Я обула тебя и одела, чтобы ты не устал до прогулки, потом трудный спуск по лестницам с пятого этажа, и наконец мы на улице. День выдался чудный: белый, с куржаком на деревьях, с солнцем. Мы осторожно и очень медленно шли по дорожке в маленьком сквере близ нашего дома. Часто останавливались: ты уставал,  но главное, для того, чтобы ты рассмотрел ту красоту, ради которой я тебя и вывела. Идти и смотреть одновременно ты не мог: слишком большого напряжения и сосредоточения требовала ходьба.
- Смотри, смотри, какое чудо вот эта берёзка, просто невеста, смотри с этой стороны, чтобы на фоне неба - так, вообще, чудо!
Я уверена, что красота лечит, но сосредоточенность на болезни мешает её видеть
- Да, красиво, - соглашался ты, но что ты чувствовал? В твоём ответе не было восторга. Ты так устал, хотя мы гуляли всего пятнадцать минут. Когда я помогла тебе раздеться и прилечь, ты горько произнёс:
- Всё, больше не пойду, ты не понимаешь: это пытка.
- Ну, зачем ты так говоришь, - возмутилась я, - зачем ты себе пути отрезаешь, а если завтра станет легче? Ты что, не надеешься?
- Не станет, - как-то уж очень устало и безнадёжно произнёс ты.
Чего только мы ни испытывали: лучший доктор, лучшие лекарства – не стало. Ты не верил ни докторам, ни лекарствам... Я протестовала.
- Нет! Так нельзя, нельзя принимать лекарство, не веря, что поможет, половина успеха от веры, а ты держишь в руках таблетку и говоришь: всё равно не поможет! С твоим заболеванием люди не просто живут на лекарствах, но ещё и работают.
- Не с такой формой, - объяснял мне твой доктор, - у него самая тяжёлая форма.
Я это знала, ты не должен был знать, но ты чувствовал. А я всё равно надеялась, если не на лекарства, то на Бога. И я хотела эту надежду вселить в тебя, вспоминала все удачные случаи, все положительные примеры. Ты слушал, иногда даже соглашался, но интуитивно знал другое, что тебе осталось только дотерпливать, терпеть эту закованность в себе самом. Тело твоё стало тюрьмой, стены которой продолжали сдвигаться и давить на тебя всё сильнее. Когда дозировка лекарства оказывалась недостаточной, ты метался, ни одна поза не приносила облегчения.

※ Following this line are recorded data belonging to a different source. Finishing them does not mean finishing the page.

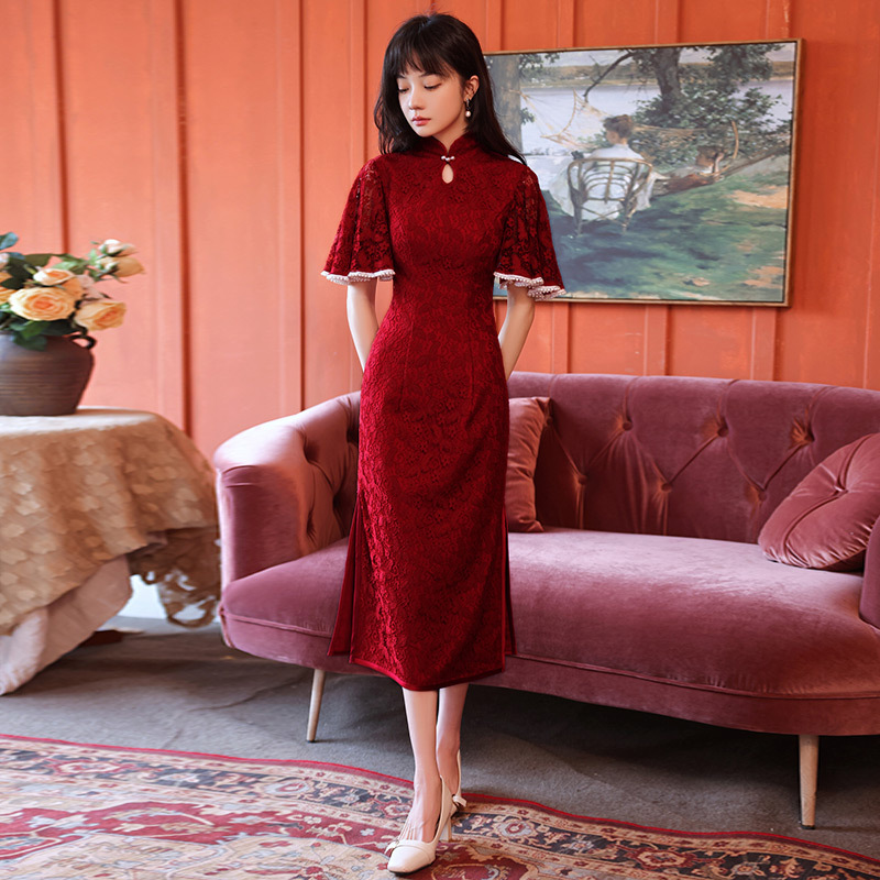 Gaun cheongsam model fishtail, gaun pengantin elegan warna burgundy berenda lengan panjang untuk pernikahan dan pertunangan, gaun malam wanita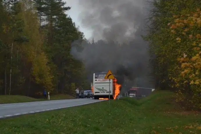Do poważnego i niebezpiecznego zdarzenia doszło wczoraj (21.10) na trasie Bartoszyce-Olsztyn. — Wracaliśmy z wycieczki szkolnej, kiedy autobus nagle zatrzymał się — relacjonuje zdarzenie jedna z uczestniczek. — Spod pojazdu zaczął wydobywać się dym, kazano nam się bardzo szybko ewakuować. Jeszcze wszyscy nie wysiedli, a autobus stanął w płomieniach — mówi.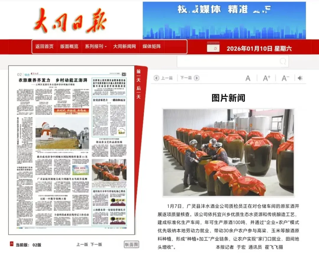 1月7日,广灵县沣水酒业公司质检员正在对仓储车间的原浆酒开展逐项质量核查。该公司依托宜兴乡优质生态水资源和传统酿造工艺,建成标准化生产车间,年可生产原酒100吨,并通过“企业+农户”模式优先吸纳本地劳动力就业,带动30余户农户参与高粱、玉米等酿酒原料种植,形成“种植+加工”产业链条,让农户实现“家门口就业、田间地头增收”。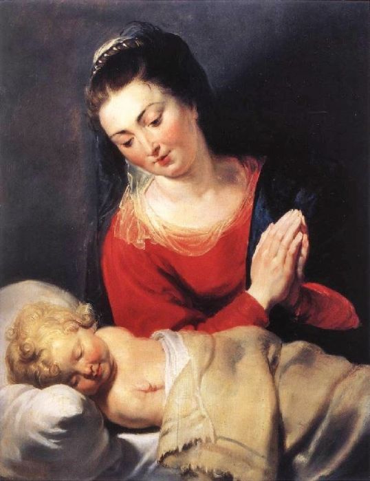 Virgin in Adoration before the Christ Child is a famous oil painting, originally by Belgian artist Peter Paul Rubens in 1615, with the style of baroque. The painting now is collected by Rockoxhuis. This kind of portrait oil paintings is very common in visual art. Besides, recommend you to view other painting artworks from Peter Paul Rubens.

- Посади меня, нет, лучше лечь. Так плохо! На бок! Нет, всё-таки, посади.


ГЛАВА  ДВАДЦАТАЯ

Уже июнь, сессия сдана. У девчонок праздник - все сдали хорошо, Лена, как всегда, на одни пятёрки. Получила красный диплом. Собрались все вместе на квартире у Нади и Аллы. Скоро им разъезжаться в разные стороны. Лене и Наде уже по распределению, хотя сначала на месяц домой. Наташе и Алле просто на каникулы. То, что произошло с Леной, незримо присутствовало в воздухе своей неразрешённостью, незавершённостью, и девчонкам было грустно. Не помогали ни молодость, ни успешно сданная сессия.
- Ну и что, - не выдержала Наташа, - так всё и оставим? Если бы он хоть поинтересовался, где ты, что с тобой? Попросил прощения… Как они хорошо устроились, и Альбина твоя, и Василий. Использовали тебя, как хотели, ты у них и нянькой, и домработницей, и репетитором у Альбины. Вот она и завалила последние два экзамена без твоей помощи. Ещё эта скотина. Если бы я тогда не пришла, ты могла всё, что угодно с собой сделать от отчаяния. Она же тебя выгнала бы такую, полуживую…
- Правда, ты пожалела девчонку, - поддержала подругу Алла, - чтобы без отца не росла.
- Я не только её, я и себя пожалела, не хотела позора, попробуй всем объясни, - возразила Лена.
 - Ну, хорошо, скоро ты уедешь, всего неделя осталась. Если бы он хоть поинтересовался. Почти месяц, затаился, как негодяй! Ну, нельзя такого мерзавца прощать, - не сдавалась Наташа.
- Он ещё и на моральные темы в газете пишет, - брезгливо поёжилась Алла.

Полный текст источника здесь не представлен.